◆ Exercise data:
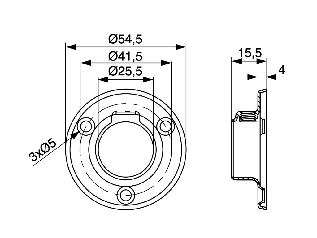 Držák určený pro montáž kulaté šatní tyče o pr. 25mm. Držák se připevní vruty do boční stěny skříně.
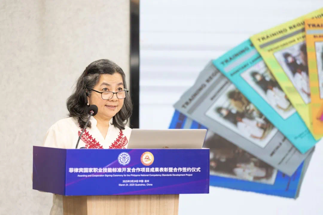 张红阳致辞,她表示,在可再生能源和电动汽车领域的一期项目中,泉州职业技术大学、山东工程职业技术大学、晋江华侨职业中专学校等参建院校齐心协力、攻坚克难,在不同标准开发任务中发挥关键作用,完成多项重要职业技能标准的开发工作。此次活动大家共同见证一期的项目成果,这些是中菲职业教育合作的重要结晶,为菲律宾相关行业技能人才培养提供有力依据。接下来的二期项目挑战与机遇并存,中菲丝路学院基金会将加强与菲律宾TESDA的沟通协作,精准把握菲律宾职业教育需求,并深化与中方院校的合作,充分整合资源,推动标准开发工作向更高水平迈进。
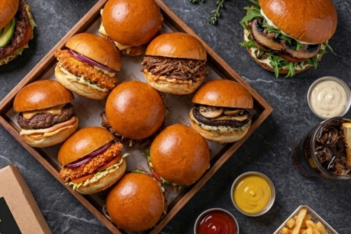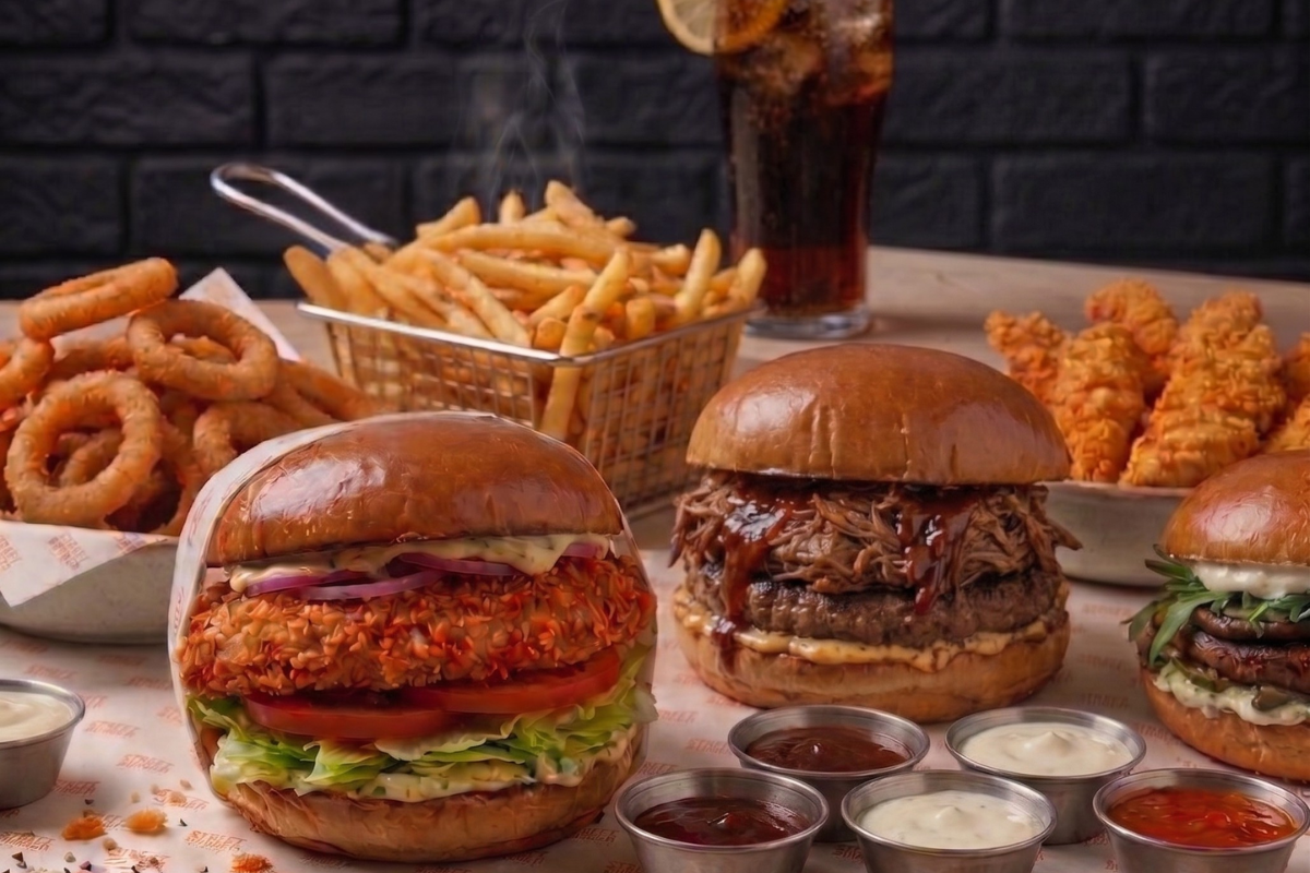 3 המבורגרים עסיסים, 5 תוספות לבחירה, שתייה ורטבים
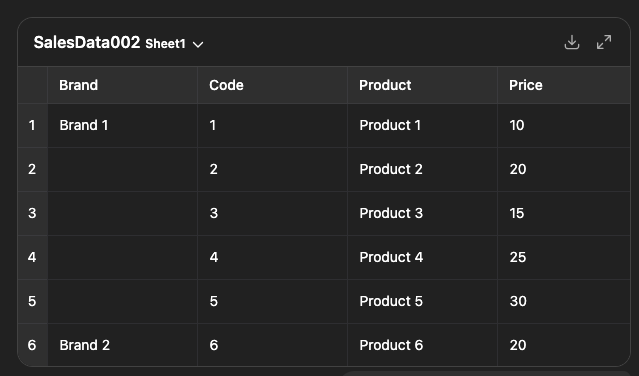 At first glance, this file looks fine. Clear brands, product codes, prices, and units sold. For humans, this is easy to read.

◆ Aim of the task:
Without the pictures, repeat every line of the material above exactly.

◆ Answer to the problem:
 Držák určený pro montáž kulaté šatní tyče o pr. 25mm. Držák se připevní vruty do boční stěny skříně.
 张红阳致辞,她表示,在可再生能源和电动汽车领域的一期项目中,泉州职业技术大学、山东工程职业技术大学、晋江华侨职业中专学校等参建院校齐心协力、攻坚克难,在不同标准开发任务中发挥关键作用,完成多项重要职业技能标准的开发工作。此次活动大家共同见证一期的项目成果,这些是中菲职业教育合作的重要结晶,为菲律宾相关行业技能人才培养提供有力依据。接下来的二期项目挑战与机遇并存,中菲丝路学院基金会将加强与菲律宾TESDA的沟通协作,精准把握菲律宾职业教育需求,并深化与中方院校的合作,充分整合资源,推动标准开发工作向更高水平迈进。
 3 המבורגרים עסיסים, 5 תוספות לבחירה, שתייה ורטבים
 At first glance, this file looks fine. Clear brands, product codes, prices, and units sold. For humans, this is easy to read.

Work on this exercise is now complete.